These are meaningful problems. The community that produces these problems is toxic. But, in general, we're a long way from death threats.

Actually, I doubt we're all that far. It doesn't take much for triggered outrage to go there. Author telling a few people to shove it with their baseless nonsense and publishing the book anyway would already open up chances for that. Not that it would necessarily happen, but it could.
 
While I agree that having strong opinions about philosopher's thinking without having read their material is an understandable critique, but that is not an argument against the possibility of them having an influence on this phenomenon.

Isn't the university an elaborate game of telephone by your definition? Listening to lectures is having faith that the lecturer understand the source material, and gives you the basics of the person in question's thinking? After lectures you are expected to know of the source material, often without having actually read the source material. Material that is often times very confusing to boot.
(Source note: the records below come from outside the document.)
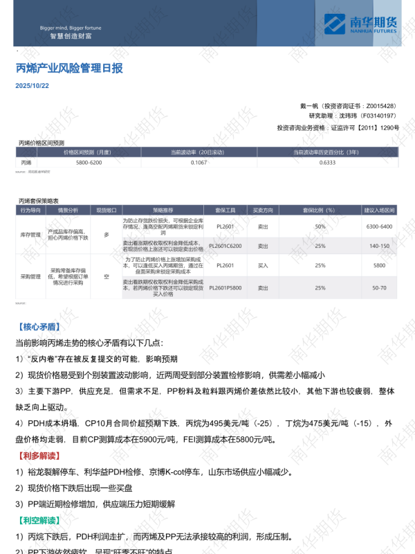 【南华研究】【202510】丙烯产业风险管理日报-7页 证券期货研究报告
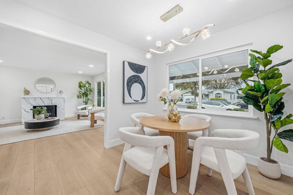 Welcome to this fully renovated north facing gem in the heart of Newark, offering modern upgrades, everyday convenience, and an unbeatable location. Step inside to an inviting open floor plan featuring luxury vinyl flooring, fresh interior and exterior paint, a cozy fireplace, and large windows that fill the home with abundant natural light. The beautifully remodeled kitchen showcases sleek cabinetry, quartz countertops, stainless steel appliances, and a built in microwave - perfect for both daily living and entertaining. Both bathrooms have been tastefully updated with contemporary finishes. Enjoy California living at its best with a spacious front porch and newly landscaped backyard, complete with a cozy patio area ideal for relaxing or hosting gatherings. Conveniently located just minutes from Tesla charging stations and within walking distance to supermarkets. Commuters will appreciate quick access to I-880, the Dumbarton Bridge, and BART for easy travel throughout the Bay Area. Move in ready and thoughtfully upgraded, this home is a rare opportunity you won’t want to miss.
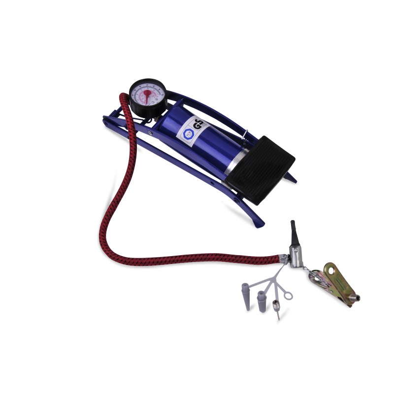 Многофункционална помпа с един цилиндър, въртяща се лесно разчетима скала и гумирани крака, осигуряващи стабилност.
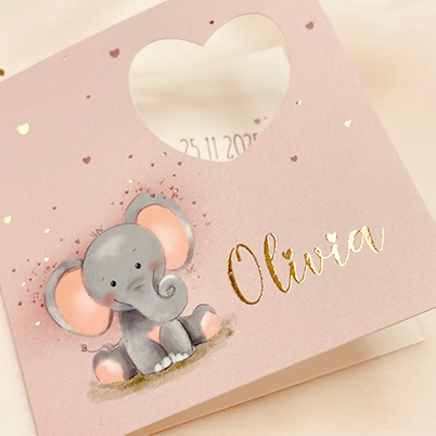 Origineel geboortekaartje voor een meisje met een doorkijk luikje naar de binnenzijde in de vorm van een hartje. Bij dit roze geboortekaartje zie je een tekening van een schattig baby olifantje met een goudfolie tekst en hartjes. Aan de binnenzijde is een hartje met stippellijn zichtbaar. Deze wordt niet gedrukt, maar is om aan te geven wat je aan de voorzijde te zien krijgt door het doorkijk luikje. Pas het kaartje naar wens aan en vraag eerst een proefdruk aan van jouw ontwerp. BELANGRIJK om te weten. De kaarten met een doorkijk luikje kun je niet voorzien van ronde hoeken. We raden ook aan dit niet aan te vinken.
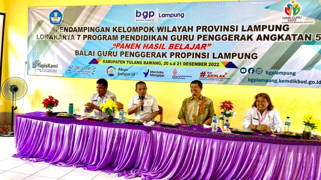 Spensagaba, Tulang Bawang – Kepala Dinas Pendidikan Kabupaten Tulang Bawang Ristu Irham, S.Pd., M.M. membuka secara resmi Lokakarya 7 Pendidikan Guru Penggerak (PGP) Angkatan ke-5 Kabupaten Tulang Bawang.
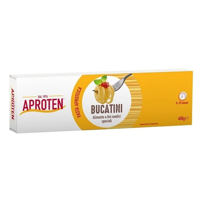 La Pasta aproteica della linea di prodotti APROTEN, è caratterizzata da: contenuto basso di proteine, sodio, fosforo e potassio che la rendono indicata per la gestione dietetica di insufficienze renali (nefropatie); contenuto basso di tirosina e fenilalanina che la rendono indicata per la gestione dietetica di aminoacidopatie metaboliche (fenilchetonuria, tirosinemia); contenuto basso di proteine che la rendono indicata per la gestione dietetica del morbo di Parkinson (in terapia con Levodopa). Per il paziente in terapia con Levodopa deve essere valutato il grado di eventuale disfagia e le eventuali problematiche di malnutrizione per difetto che possono insorgere in condizioni di restrizione proteica.
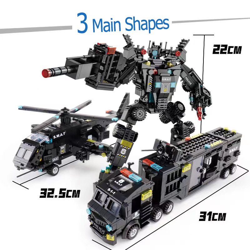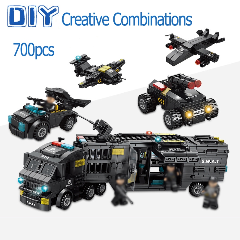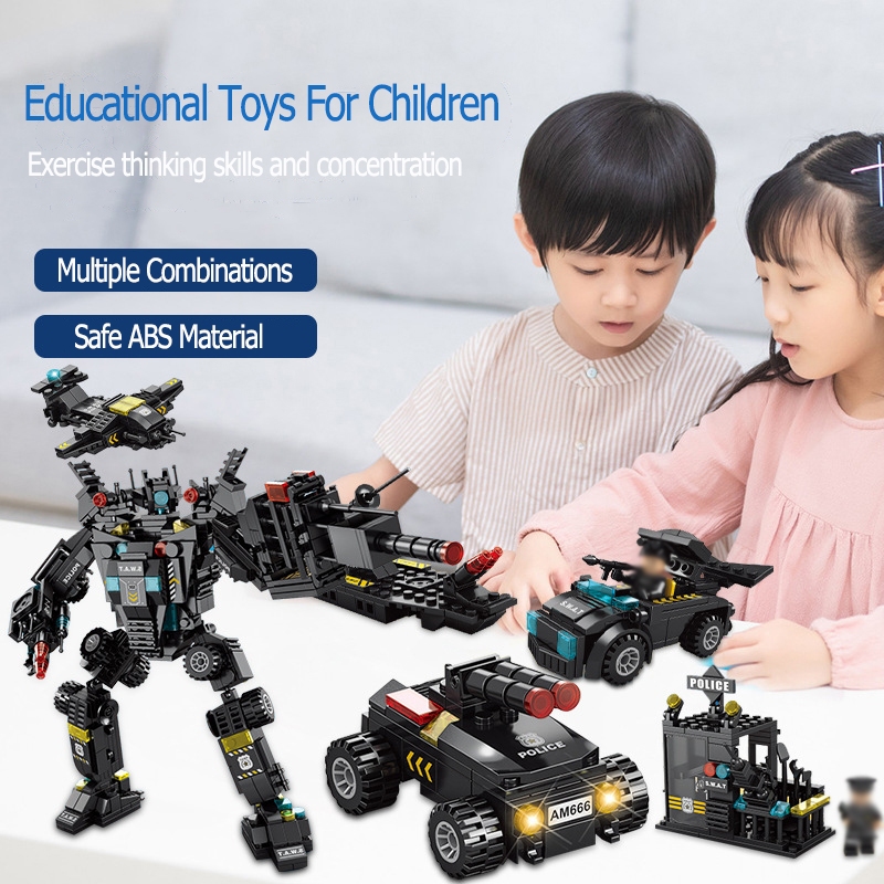 ZHEGAO Mainan 700Pcs Robot Polisi Hawk SWAT Model Puzzle Blok Bangunan robot mainan anak laki laki

The way I see this, from my puny understanding of the subject, is that these crowds have drank from the fountain of such continental philosophers as you mentioned, even if the fountain they drank from was just an American plastic copy of the original. They seem overly interested in Foucault's normative power, about how forms of knowing or representing influence people's thinking and power structures that follow, in Derrida's deconstructionism to find, often in bad faith, some forms of bigotry in a given text and a sort of viewpoint epistemology that developed in the academic feminist circles in the 90's, and from the sort of vague "death of the author" thinking where the intentionality of the author, as it is often or always impossible to recover, should be discarded whole handedly, and the interpretation of the reader is all that matters. On top of that there is the status that you gain from your tribe when you find someone to call out and call a nazi or what ever, because said person misspoke something, or "dog whistled" something. Often not even knowing what the thing they were "dog whistling" was, or even what a "dog whistle" is.


I wouldn't be so cavalier about this. Twitter is the market place of ideas of today. If there is a group that harrasses all other ideas away, that will have real world consequences.

They might have had an influence on this phenomenon, I wouldn't dismiss that claim out of hand. But if you twist what someone has said to fit exactly what you want to hear, then the connection is utterly lost, no?

I think you are justified in bringing up Foucault, since some of the Twitter / Tumblr crowd tries to use the power structure / power dynamics to justify their beliefs. The idea that representation is power of course didn't originate with Foucault at all, and is something I would personally agree with, and I really don't see how people can't. This is something you will also find in Edward Said and his companions. Possibly even a justified critique, albeit not for this specific book.

Derrida I don't really understand why you bring him up (and I think neither do you?). Can you put in laymans terms what makes deconstructionism relevant for the SJW/Twitter Outrage kind of ideology?

Intersectional feminism (what I think you are referring to) I honestly don't want to delve too deep into because I'm not well read. Judith Butler is definitely an SJW favorite, but honestly what I do know of her is Gender Performance Theory, and it is the utmost basic, unspectacular and generally obvious theory I've ever read. I believed in gender performance theory before I even knew it existed, and I am sure so did many other people. But Butler probably had a profound influence on online feminism, that much I'd agree with.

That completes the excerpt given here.